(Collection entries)
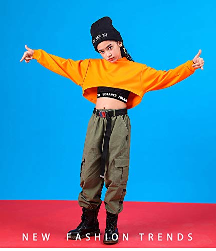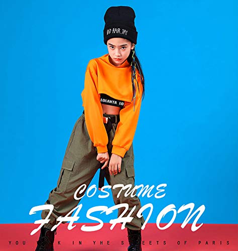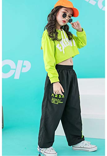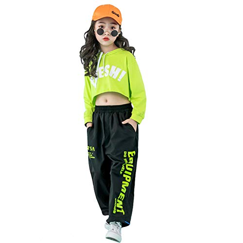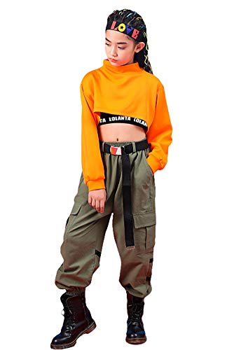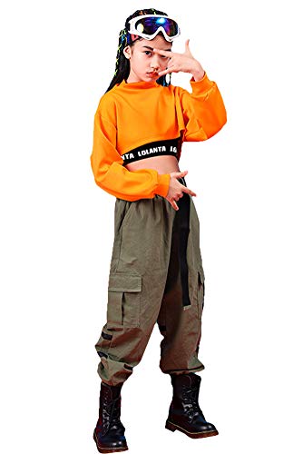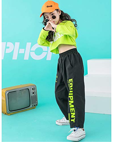 LOLANTA 2 Piezas de Ropa de Baile Callejero para niña Hip Hop, Sudadera Corta + Pantalones de chándal
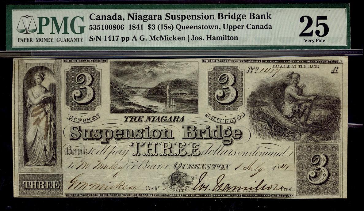 The Niagara Suspension Bridge Bank 1841 $3 (15s) #1417 CH-535-10-08-06 PMG VF25
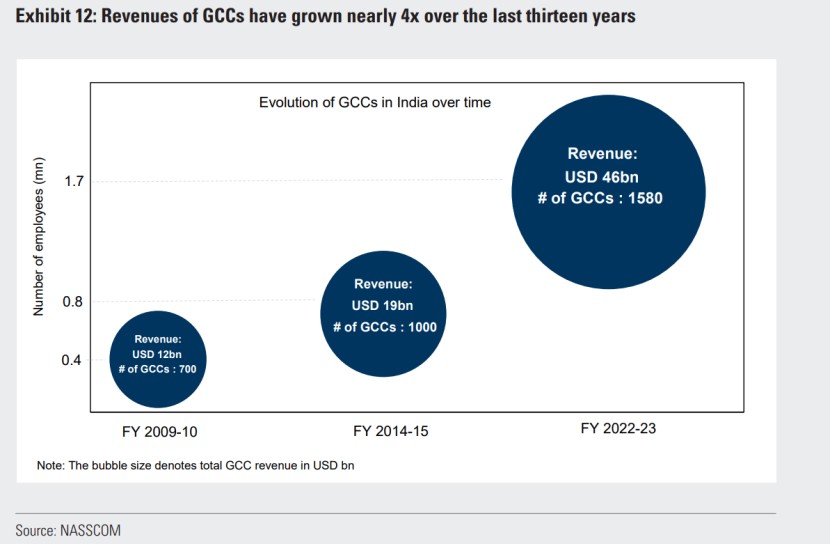 高盛統計數據顯示,截至 2023 財年,印度 GCC 總收入較十三年前激增 4 倍,達到 460 億美元,提供了 170 萬個就業崗位。
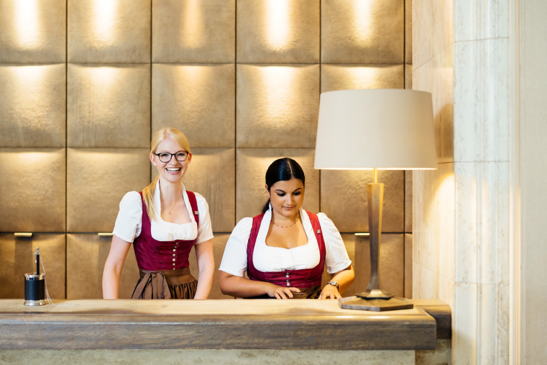 Традиционный народный костюм в качестве формы для сотрудников был выбран и в AlthoffSeehotel Überfahrt. Молодая мюнхенская семейная компания AmselFashion разработала специально для отеля линию одежды в баварском стиле. Женское платье «дриндль», мужские брюки и желеты, аксессуары и детали образа – все продумано до мелочей и создано вручную из 100% натуральных материалов. Коллекция одежды получила название RoyalBlue, что так точно подчеркивает индивидуальность этого курорта, расположенного на берегу озера Тегернзе.
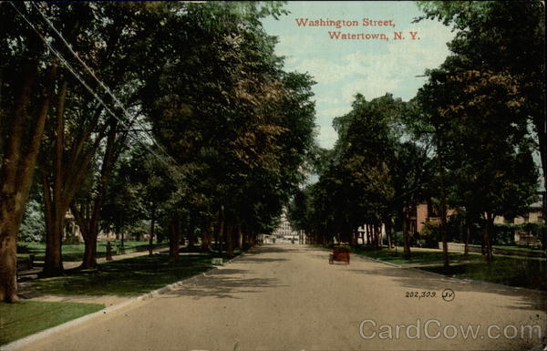 Front: Washington Street, Watertown, N. Y. 202,309.. JV) Back: The Leighton & Valentine Co., N.Y. City. FAMOUS EZ lez QUALITY WORLD THROUGHOUT
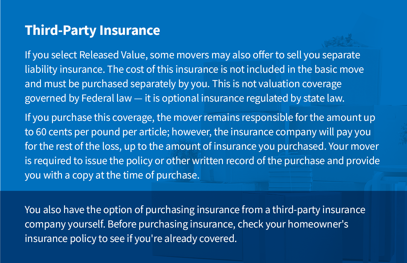 Under this option, movers are allowed to limit their legal responsibility to loss or damage to items of “extraordinary value”, meaning items that are valued more than $100 per pound (such as jewelry, china, or furs). However, if you specifically list these items on the shipping documents, your mover is still responsible for their safe delivery. Ask your mover for a written exp lanation of this limitation before your move.
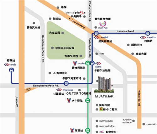 BTS天鐵1站地,8分鐘到達在建高鐵站Bang Sue,直線距離1.5km;
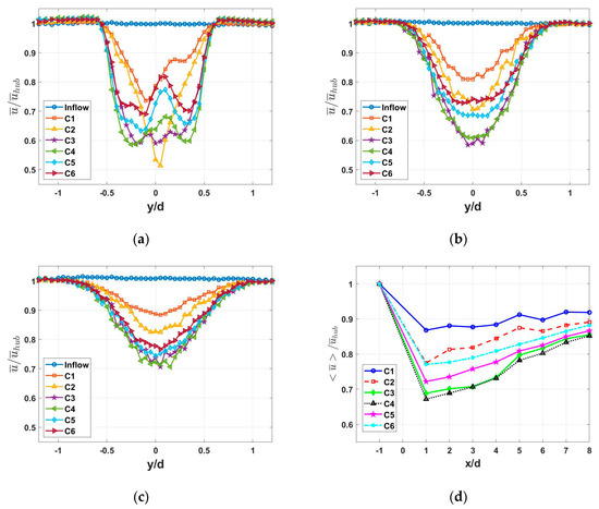 Lateral profiles of the time-averaged dimensionless streamwise velocity under the C1–C6 TSRs at the streamwise locations: x/d = 1 (a); x/d = 13 (b); and x/d = 15 (c); and the distribution of the laterally-averaged streamwise velocity (d). Here, the angle bracket represents a laterally spatial averaging from y/d = −0.5 to 0.5.
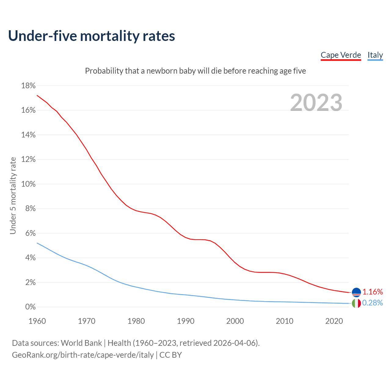The chance that a newborn baby will die before reaching age five is 1.16% in Cape Verde and 0.28% in Italy. Above is a chart with historical data on under-five mortality rates.

> [EXERCISE DIRECTIONS] Verbatim copy, pictures excluded: output the lines from the first line of the records above through the line containing "BTS天鐵1站地,8分鐘到達在建高鐵站Bang Sue,直線距離1.5km;".

> [EXPECTED OUTPUT]
 LOLANTA 2 Piezas de Ropa de Baile Callejero para niña Hip Hop, Sudadera Corta + Pantalones de chándal
 The Niagara Suspension Bridge Bank 1841 $3 (15s) #1417 CH-535-10-08-06 PMG VF25
 高盛統計數據顯示,截至 2023 財年,印度 GCC 總收入較十三年前激增 4 倍,達到 460 億美元,提供了 170 萬個就業崗位。
 Традиционный народный костюм в качестве формы для сотрудников был выбран и в AlthoffSeehotel Überfahrt. Молодая мюнхенская семейная компания AmselFashion разработала специально для отеля линию одежды в баварском стиле. Женское платье «дриндль», мужские брюки и желеты, аксессуары и детали образа – все продумано до мелочей и создано вручную из 100% натуральных материалов. Коллекция одежды получила название RoyalBlue, что так точно подчеркивает индивидуальность этого курорта, расположенного на берегу озера Тегернзе.
 Front: Washington Street, Watertown, N. Y. 202,309.. JV) Back: The Leighton & Valentine Co., N.Y. City. FAMOUS EZ lez QUALITY WORLD THROUGHOUT
 Under this option, movers are allowed to limit their legal responsibility to loss or damage to items of “extraordinary value”, meaning items that are valued more than $100 per pound (such as jewelry, china, or furs). However, if you specifically list these items on the shipping documents, your mover is still responsible for their safe delivery. Ask your mover for a written exp lanation of this limitation before your move.
 BTS天鐵1站地,8分鐘到達在建高鐵站Bang Sue,直線距離1.5km;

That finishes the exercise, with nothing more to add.